The Evidence

During the 2020/21 school year CIVIX conducted a Canada-wide study of 2,324 students in grades 7 to 12 to evaluate the efficacy of CTRL-F.

Carried out with external evaluators, this research was the first to look at what Canadian students actually do when asked to evaluate online information.

Results confirmed both that students lack the skills to evaluate online information, and that CTRL-F substantially improves their ability to verify sources and claims.

View the report

Rigorous research, world leading experts

Before beginning the CTRL-F program, students completed a test of their ability to evaluate online sources and claims. They were given real-life examples, asked to rate their level of trust and explain their answers. Responses were coded for the strategies they used. One week after completing CTRL-F, students were given a comparable post-assessment.

The research was planned and data analyzed by educational psychologists from the City University of New York who are experts in the lateral reading assessment. Stanford History Education Group consulted on the study.

Students struggle to evaluate online information

More than three-quarters (79%) used a close-reading strategy — looking for signs of authority on the page, judging content by its appearance, or relying on their instincts to evaluate claims

Just six percent of students were able to identify the agenda behind an anti-LGBTQ group.

CTRL-F improves lateral reading, accuracy, and reasoning

Students’ use of lateral reading increased sixfold after doing the CTRL-F program. Students read laterally 11% of the time at pretest versus 59% at posttest.

Lateral reading helps students get the right answer for the right reasons. Before CTRL-F, students referenced meaningful contextual information 9% of the time in their answers to true/false questions.
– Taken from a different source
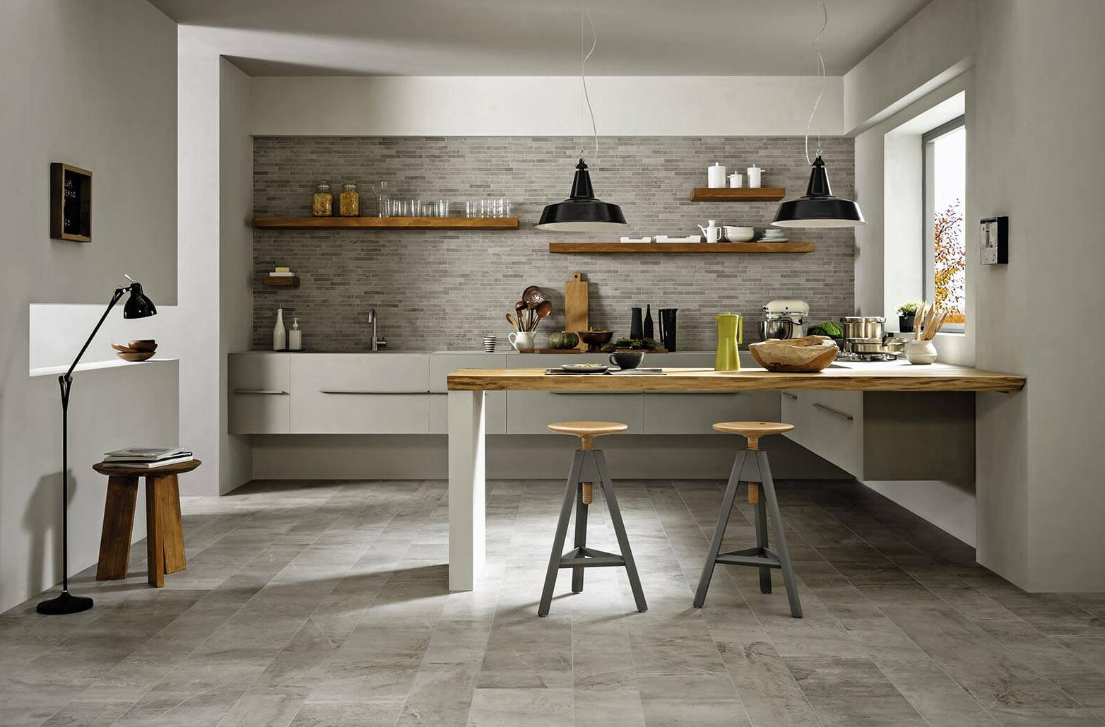 Кухня с серым полом

On posttest, this number jumped to 50%.

The CTRL-F skills stick. A delayed posttest delivered six weeks following the end of the CTRL-F curriculum showed no erosion in the use of lateral reading strategies.

Student Reasoning Example

Student A - Before CTRL-F

"The website isn’t cluttered with advertisements. There is contact information. They have stated their objectives."

American College of Pediatricians, anti-LGBT advocacy group

Student A - After CTRL-F

"After reading about the organization on Wikipedia, I found out that it is a source of fearmongering and misinformation about vaccines."

National Vaccine Information Centre, anti-vaccine group

Teacher Feedback

of teachers indicated in a post-program survey that CTRL-F has changed their approach to teaching digital literacy.

agree CTRL-F increased their confidence in teaching digital literacy and source evaluation.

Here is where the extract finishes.